### EXERCISE DIRECTIONS
Please transcribe the listing below in full, exactly as written, leaving out its pictures.

*** Opening SOURCE MATERIAL ***

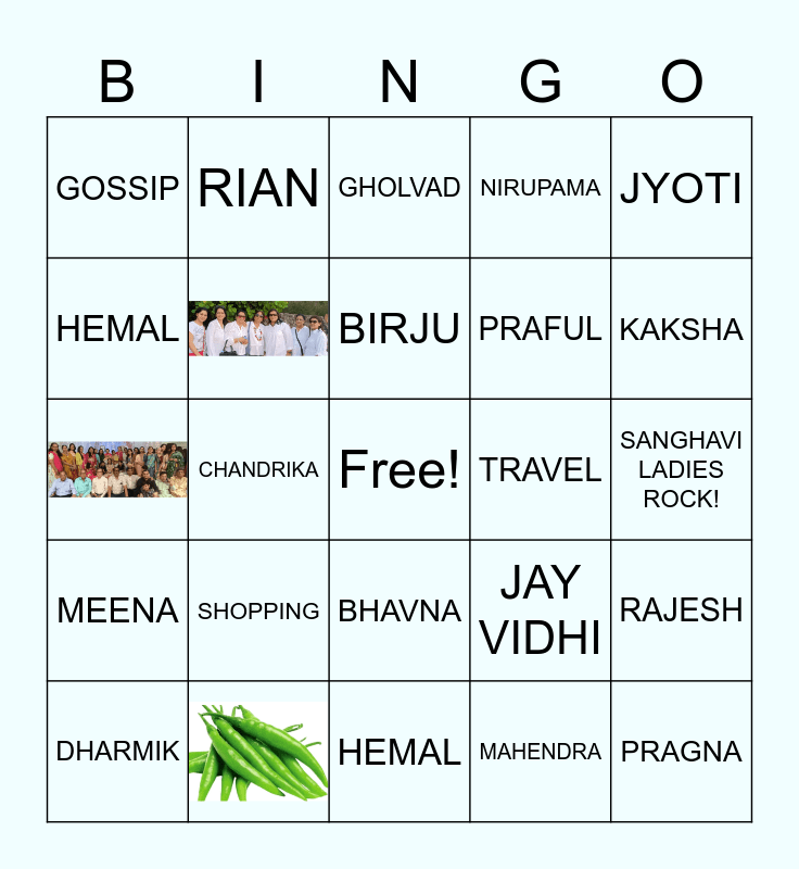 This bingo card has 5 images, a free space and 36 words: BHAVNA, BIRJU, BRAHMI, JYOTI, MEENA, CHANDRIKA, NIRUPAMA, PRAGNA, SANGHAVI LADIES ROCK!, TRAVEL, SHOPPING, NASTA, GOSSIP, MAHAVIR BHAGWAN NI JAY, GHOLVAD, RAJESH, BHAVESH, HEMAL, PRAFUL, DHIREN, DHIRAJ LAL, MAHENDRA, BAKUL, KAKSHA, HARSH, NAMAN, RIAN, DHARMIK, JAINA, JAY VIDHI, HEMAL, KOMAL, KHUSBHOO, NISCHINT, ANKITA and HARITA.
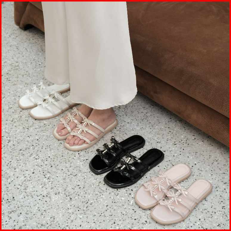 Aline Sabrina Sandal Slop Teplek Flat Shoes Wanita Korean Style
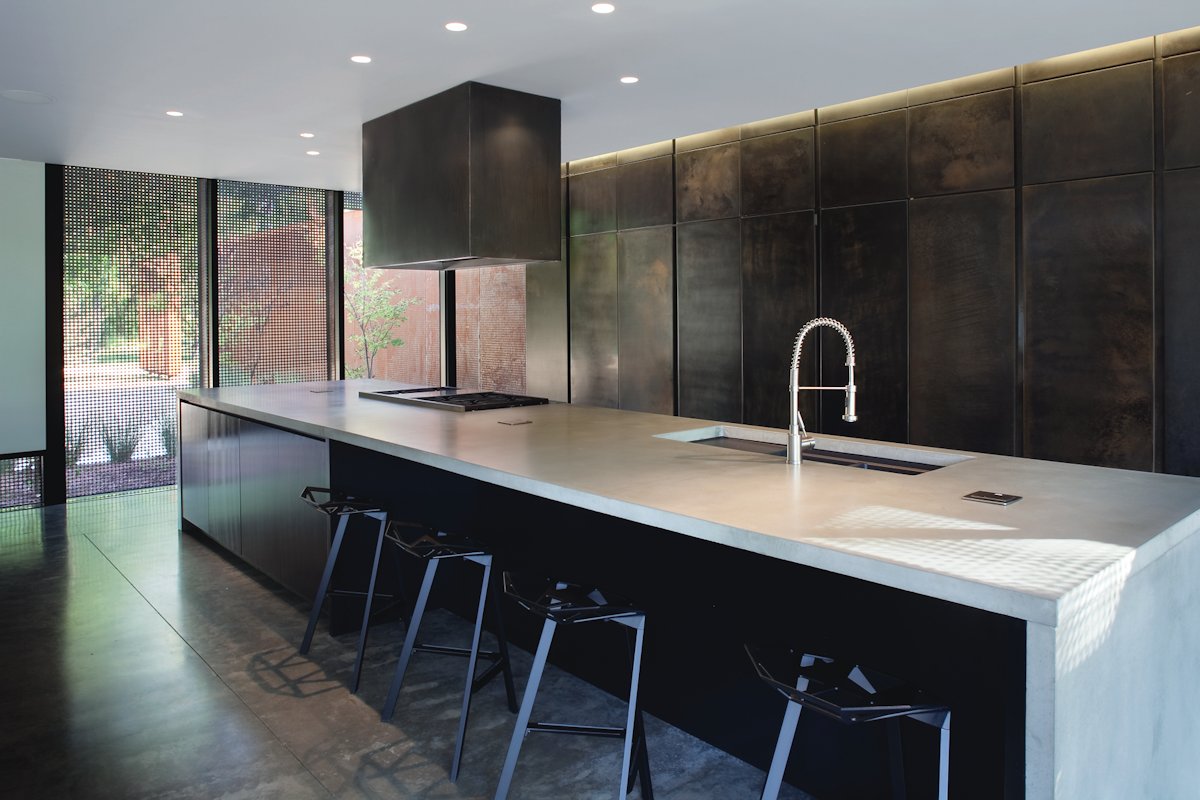 The kitchen anchors the large living space. The concrete countertop and blackened steel-faced casework appear minimal and monolithic.

*** Closing SOURCE MATERIAL ***

### TASK OUTPUT
 This bingo card has 5 images, a free space and 36 words: BHAVNA, BIRJU, BRAHMI, JYOTI, MEENA, CHANDRIKA, NIRUPAMA, PRAGNA, SANGHAVI LADIES ROCK!, TRAVEL, SHOPPING, NASTA, GOSSIP, MAHAVIR BHAGWAN NI JAY, GHOLVAD, RAJESH, BHAVESH, HEMAL, PRAFUL, DHIREN, DHIRAJ LAL, MAHENDRA, BAKUL, KAKSHA, HARSH, NAMAN, RIAN, DHARMIK, JAINA, JAY VIDHI, HEMAL, KOMAL, KHUSBHOO, NISCHINT, ANKITA and HARITA.
 Aline Sabrina Sandal Slop Teplek Flat Shoes Wanita Korean Style
 The kitchen anchors the large living space. The concrete countertop and blackened steel-faced casework appear minimal and monolithic.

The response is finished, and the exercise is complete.